If you had the power to influence legislation, are there laws that you would like to see introduced that might help you in your work?
Honestly, I think I’d continue to push for a public health coverage option for every US citizen, while also maintaining private options. When I hear the phrase, “Medicare for All,” I’m all about it. We have a Medicare Part C & D, which allows beneficiaries to opt-in to private insurance and covers others who can’t afford it or don’t want it. Coverage and choice. In such a system, we could take a more holistic approach to healthcare, as opposed to this sick care system we have today.
You are a person of enormous influence. If you could inspire a movement that would bring the most amount of good to the most amount of people, what would that be? You never know what your idea can trigger. 🙂
I think the most important thing is happiness, and Aristotle would agree as well. With that in mind, for me, the most important movement that I would be able to drive would be a wholeness and wellness education at an early age. Understanding that your diet, your mental health are things that can be taken care of with self-care — and understanding the tools and habits you need in order to do that. And that would need to start from early on and it would need to be institutionalized.

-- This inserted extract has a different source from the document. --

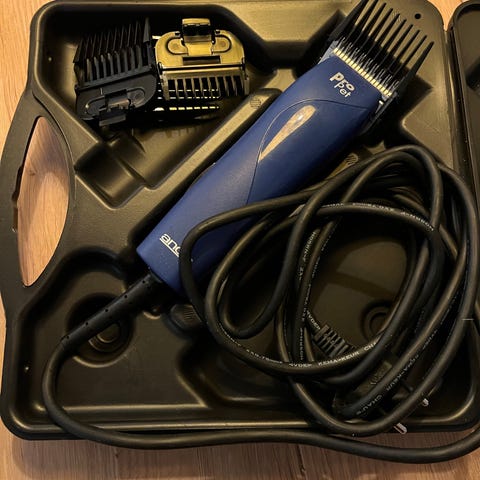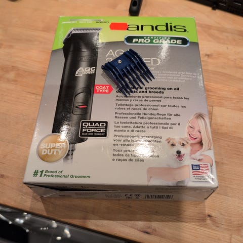 AGC 2-Speed Brushless hår/pels trimmer med 15mm distansekam for å klippe hund. Kjøpt på Buddy i 2024.

Is there a person in the world, or in the US with whom you would love to have a private breakfast or lunch with, and why? He or she might just see this, especially if we tag them. 🙂
Two people: Barack Obama and David Chang, no questions. Obama needs no explanation and David Change simply has this huge appreciation for food and he’s just an overall awesome chef.
How can our readers further follow your work online?
This was very meaningful, thank you so much, and we wish you only continued success.
Thank you for the opportunity and for shedding light on the crisis of food deserts and what we can do to help.